Now-a-days, as women, we have nearly become (key word nearly) a mans' equal in many areas, although as far as career pay and things like that we are still lagging, but that's a completely different post. Back to the subject at hand. Because of the more recent years, and how we have climbed the career, educational, and financial ladders, we have developed the term "independent". We pay our own bills, we buy our own houses, and cars. We take care of our children on our own, we provide everything for ourselves, even orgasms. (Can I be real one time for the one time?) We have filled what we feel is every void and so many times you hear the phrase, "I don't need a man." or "What can a man really do for me? Nothing" Wrong.

Have you ever thought about what the term independent really means pertaining to these situations? Who have you become independent from? And was this meant to be temporary or permanent? GOD took us from Adam's rib FOR Adam, not to look at Adam like well I plowed this portion of the land on my own, I picked all those fruit on my own, so I don't need you. She was his help meet. A lot of us, and I say us because I was once there, have tasted this "independence" and now can not yield that "power" to a man, let alone attract one with this new attitude.

I used to seek counsel from an older woman, whom I loved very dearly. She was 65 and still going through the things we go through at our ages with her man, because she'd always been so independent. She had no idea how to be taken care of, and how to yield that power. One day we were talking and I was telling her about a man I was dealing with, and how I didn't need him, so if he wanted to walk he could walk. This had been a repetitive thing for me by the way. She told me, "That's your problem there. You would rather be respected than cherished." I told her, "a man has to definitely respect me." She said, "well of course he has to respect you dear. But you want him to respect you on the same level he would respect a man, instead of him cherishing you the way he should a woman. If you keep playing the man, you will keep attracting the men who don't mind playing the woman's role". What is the woman's role? Being taken care of, staying home with children, allowing the man to be the provider and protector, and trusting him to have your best interest at heart.
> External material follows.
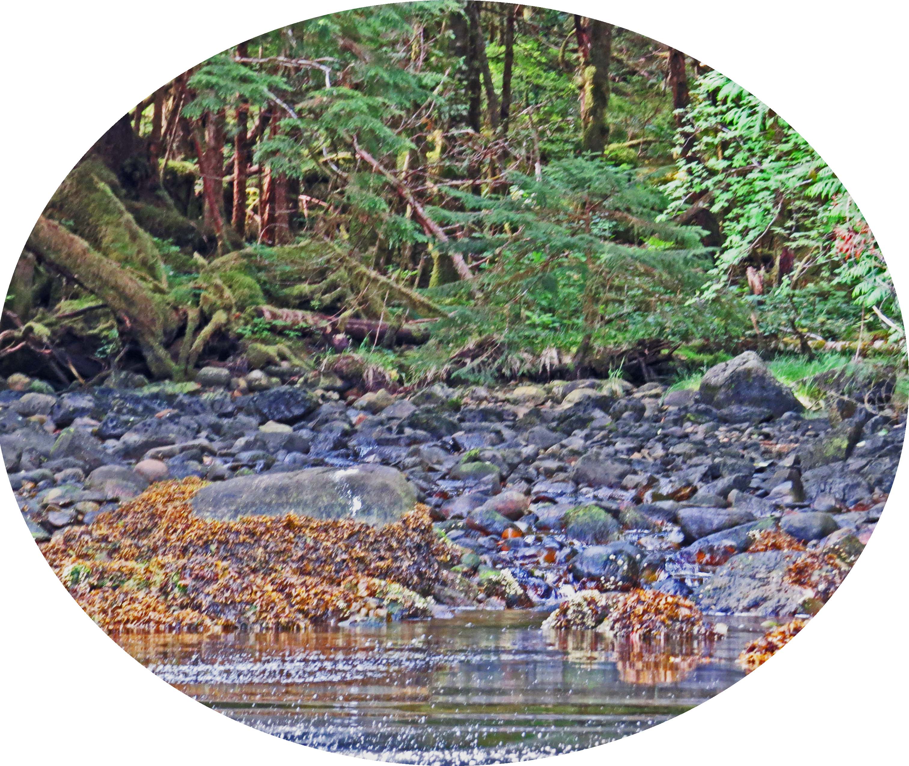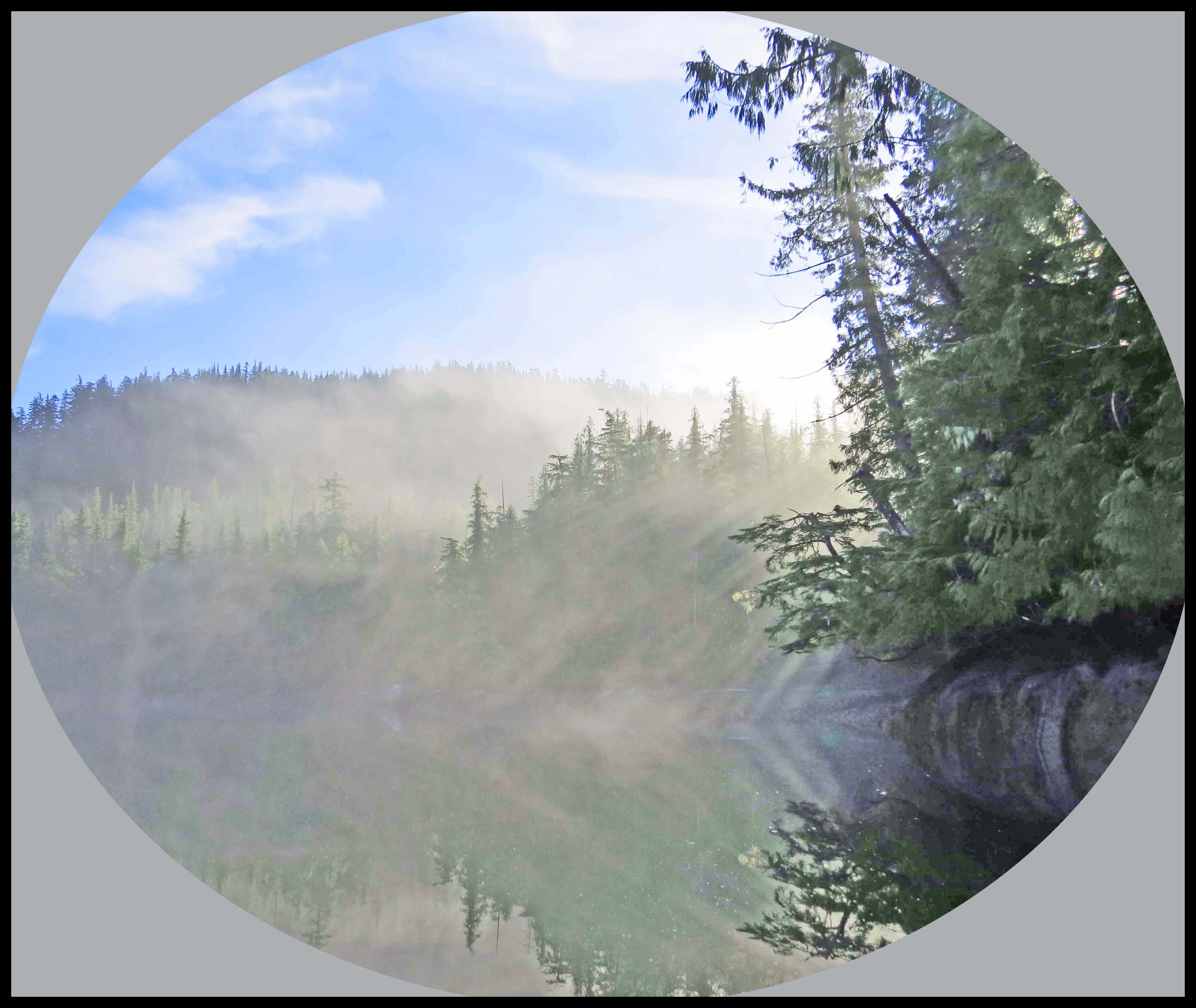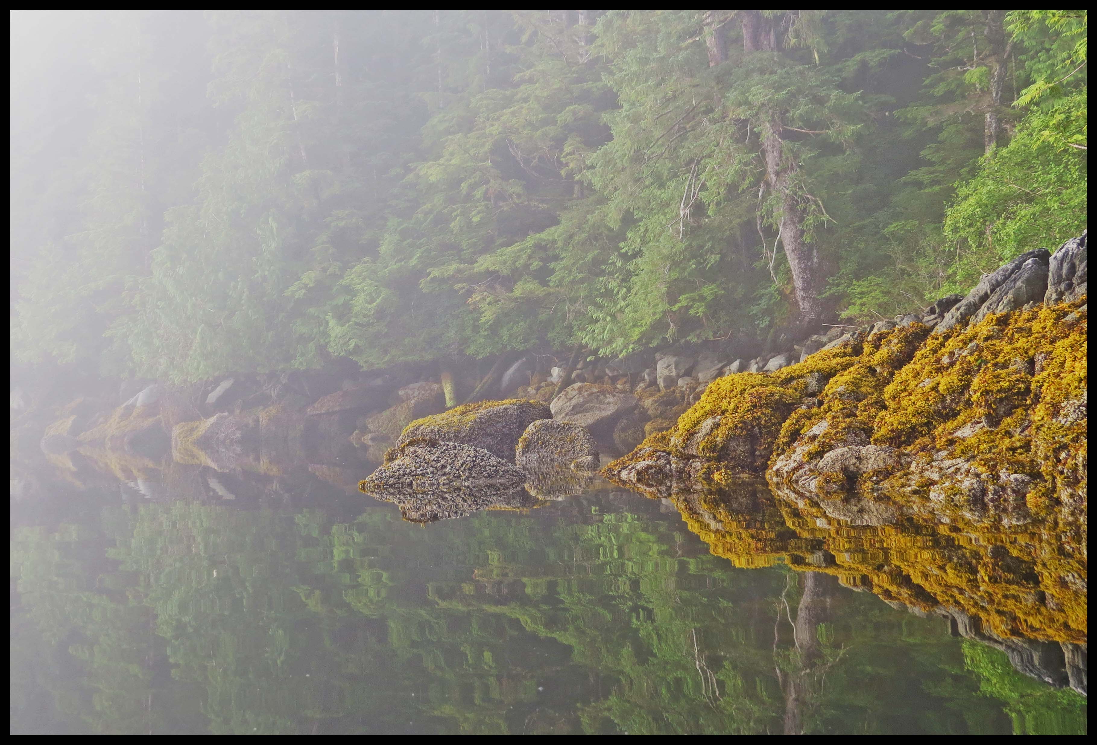 As I got closer to the creek at the head of the inlet, the sun was starting to shine through the fog, highlighting the individual droplets of moisture, like a fine mist.

My mind was blown!

I'd seriously thought about everything she'd said to me, and looked back on past relationships with men and compared. Majority of the time it was exactly how she'd said. I'd run across the kind of men who constantly felt as though it was okay for a woman to support them, to pay for them, to chase them... And many times we do, because we'd rather someone, anyone, to be there versus sticking it out alone and waiting for a REAL man to come along. Also, I began to notice that a lot the issue came from my attitude. The men that I could control (the ones that played my role instead of a mans) would always do exactly what I wanted because I wore the pants. And if you're a woman like me, you're strong, but you'd like a man to be strongER than you are. The men that I had come across that were REAL men, I'd mistaken their masculinity, as an attitude, trying to control me or my life, or trying to change me. And while sometimes some men do try that, alot of times its just you hitting a brick wall with a man who is showing you that he knows his role, and that he will not change that. You will respect him.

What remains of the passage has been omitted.